I’ve enjoyed mascarpone my entire life. Shamefully, however, the idea to make a Mascarpone Cheesecake came to me only a few years ago when I combined my excitement for cheese with the one I have for desserts.
Luckily, much to my delight, the result was wonderfully creamy, surprisingly light and absolutely cravable.
The crust was quite the happy accident. In December, I made a some biscotti to give as Christmas gifts and forgot I froze the leftovers. I definitely need to start labeling more diligently, because when I pulled the biscotti from the freezer, I was almost certain they were regular store-bought cookies. Either way, the hint of almonds and amaretto and the nutty texture went perfectly with the rest of the components.
For the filling, I decided to keep it simple by whipping mascarpone with cream cheese, adding some lemon juice, sugar but not too much, some vanilla and a pinch of salt. The dessert went over very well with my friends and clients and although everybody had a different opinion on their favorite topping (berries compote or mascarpone and Nutella warm sauce?) this was undoubtedly a hit, and oh-so easy to put together for any special occasion.
It is with great pleasure that I share this recipe with you all.
Lisa and Suzanna are still in the kitchen eating the leftovers.
70 vanilla wafers (8 1/2 oz), finely ground in a food processor (2 1/3 cups)

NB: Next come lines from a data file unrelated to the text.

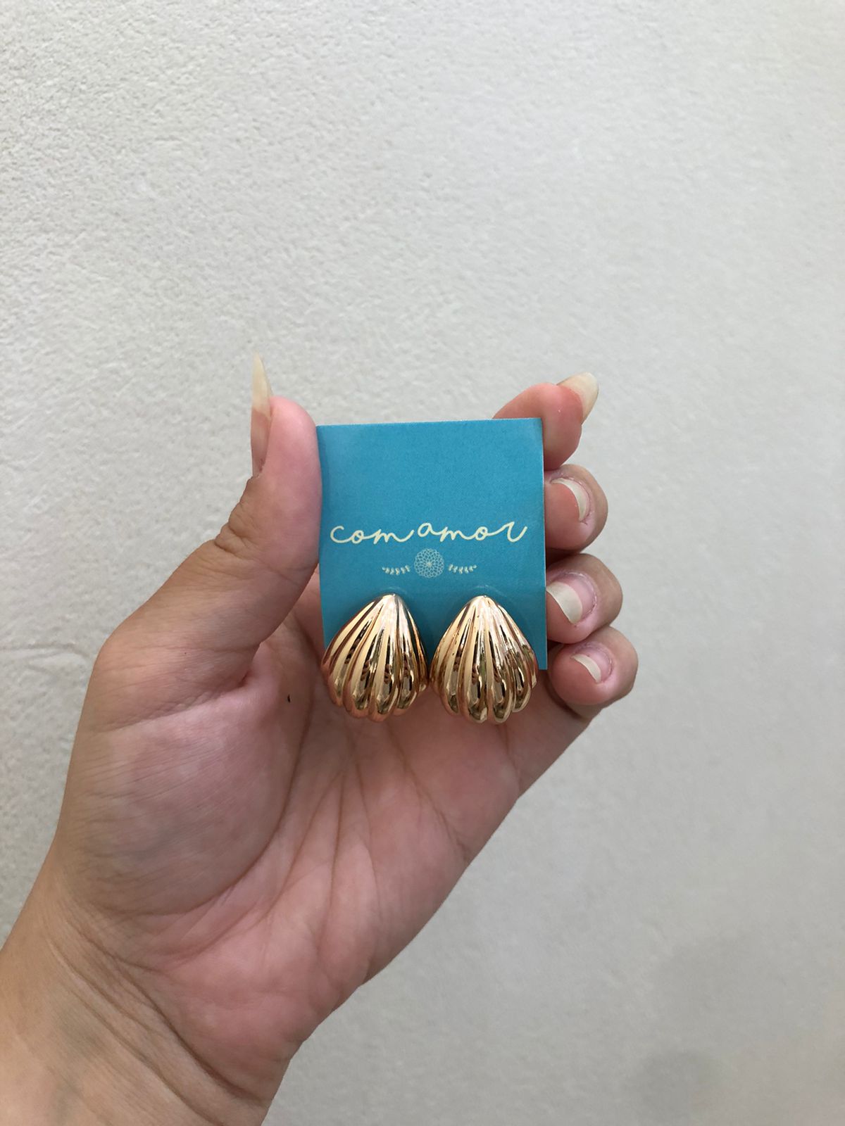 brinco em formato de gota trabalhada. folheada à ouro 18k e hipoalergênica.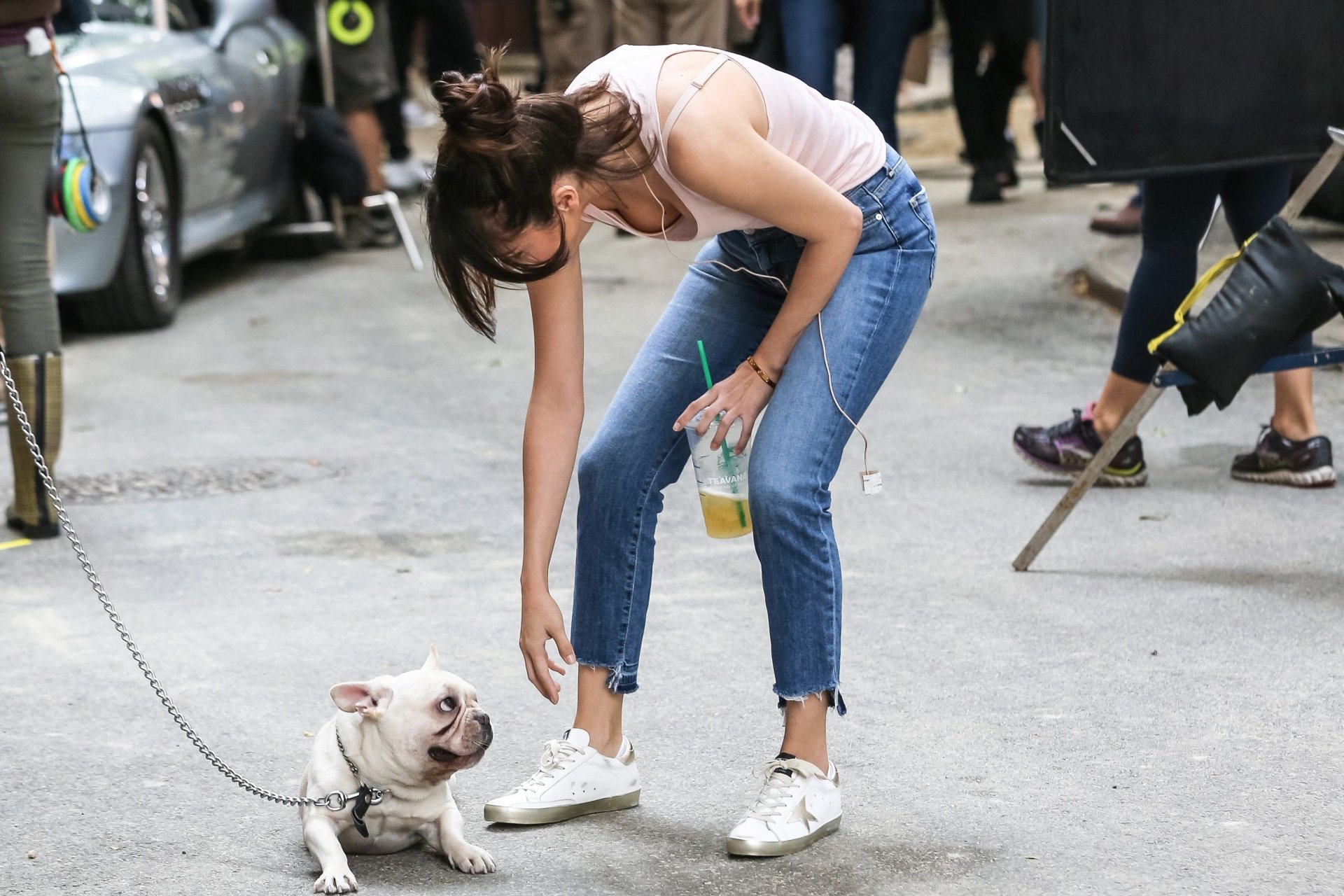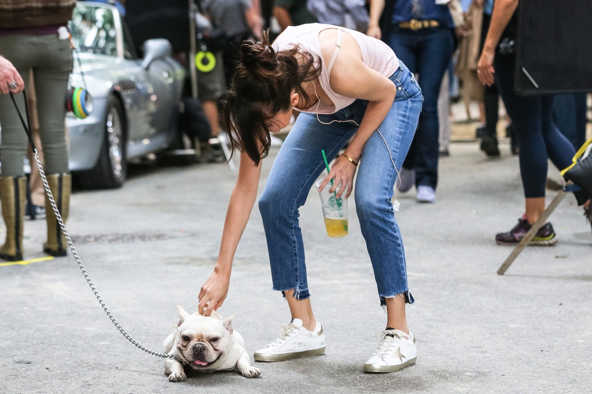 Atriz e cantora Selena Gomez (25) brinca com um filhote no set de seu próximo projeto com Woody Allen filmando em Nova York, 21/09/2017.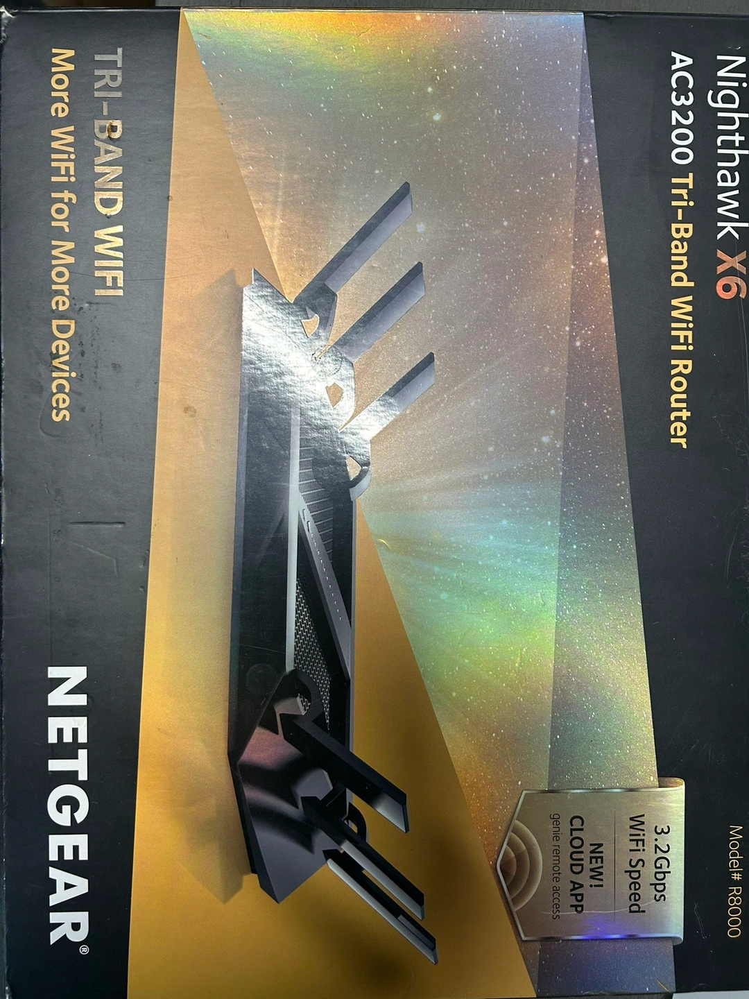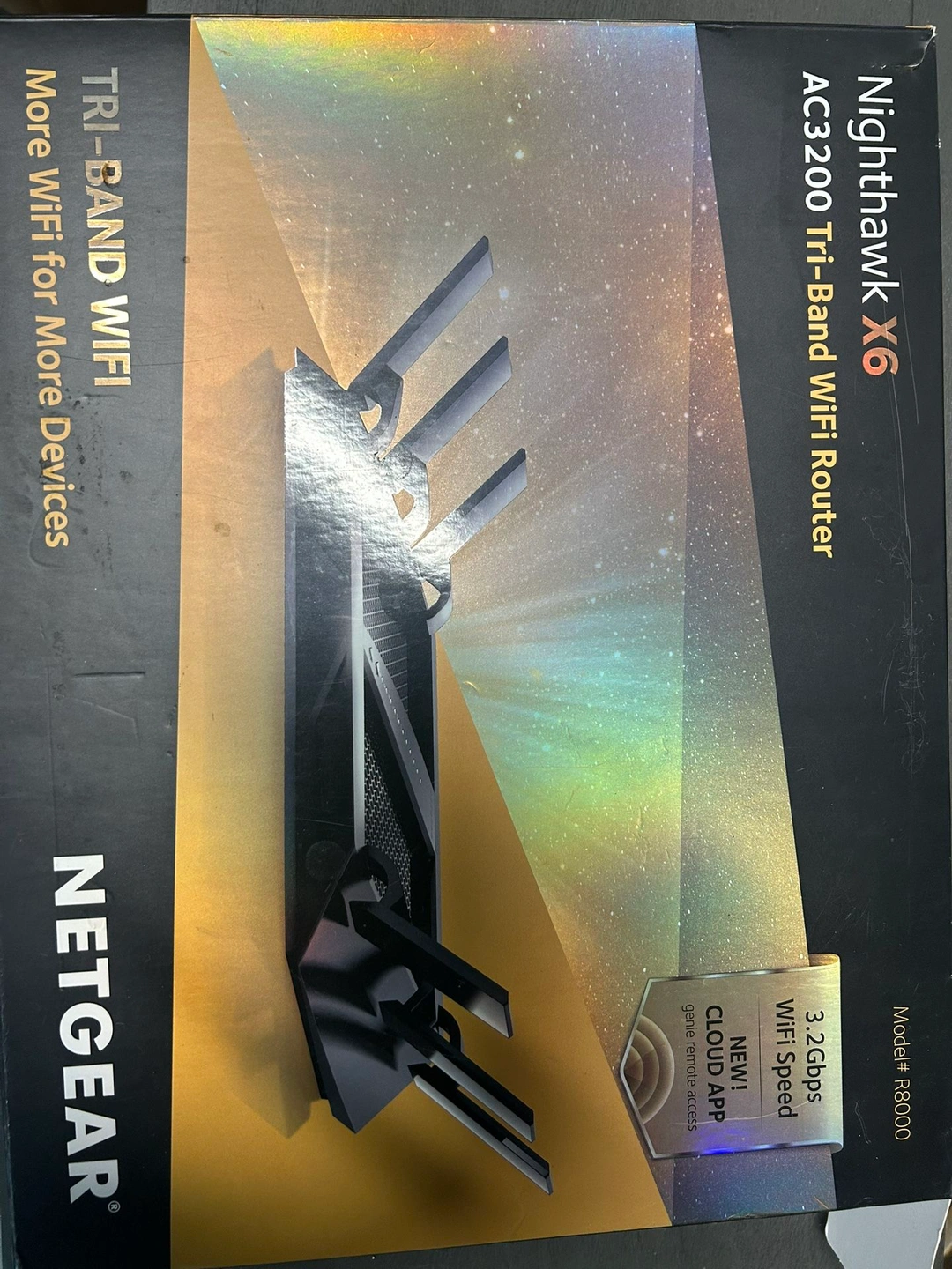 NETGEAR Nighthawk X6 AC3200 Tri-Band WiFi Router R8000-100NAS. This router offers exceptional WiFi speed and range for all your devices. Feel free to message if you have any questions!

1 1/4 sticks (10 tablespoons) unsalted butter, melted and cooled
20 oz cream cheese (2 1/2 eight-ounce packages), softened
8 oz mascarpone cheese at room temperature (about 1 cup)
3/4 cup sugar
3 large eggs
1 teaspoon vanilla
1 teaspoon fresh lemon juice
1/4 teaspoon salt
1/2 cup granulated sugar
2 cups strawberries, hulled, quartered
1 cup blueberries
1 cup blackberry
2 teaspoons fresh lemon juice
1 pinch salt
1/4 cup unsalted butter, room temperature, cubed
Put oven rack in middle position and preheat oven to 350°F. Butter bottom and side of a 9-inch springform pan.
Stir together cookie crumbs, amaretto flavoring and butter in a bowl. (Optional) Reserve 1/4 cup crumb mixture for sprinkling over cheesecake, then pat remainder onto bottom and 1 1/2 inches up side of springform pan (about 1 inch thick). Put pan in a shallow baking pan and bake until golden, about 10 minutes. Cool completely on a rack, about 25 minutes. Leave oven on.
Make filling while crust bakes:
Beat cream cheese, mascarpone, and sugar in a large bowl with an electric mixer at medium high speed until fluffy, 3 to 5 minutes. Add eggs 1 at a time, beating well after each addition. Add vanilla, lemon juice, and salt and mix at low speed until combined. Pour into cooled crust and bake until cake is set and puffed around edge but still trembles slightly when pan is shaken gently, 25 to 30 minutes. Cool slightly in springform pan on rack, about 20 minutes. (Cheesecake will continue to set as it cools.) Leave oven on.
In a large, nonreactive saute pan over medium heat, combine 1/4 cup water & 1/2 cup sugar & bring to boil, stirring to dissolve sugar. Cook 2 minutes, then add berries, lemon juice & salt. Return to boil, then add butter & swirl mixture around in the pan until butter melts. Spoon berries along with the sauce onto warmed dessert placts &, if desired, place a small scoop of vanilla ice cream (or yogurt) in center of each plate. Serve immediately & enjoy!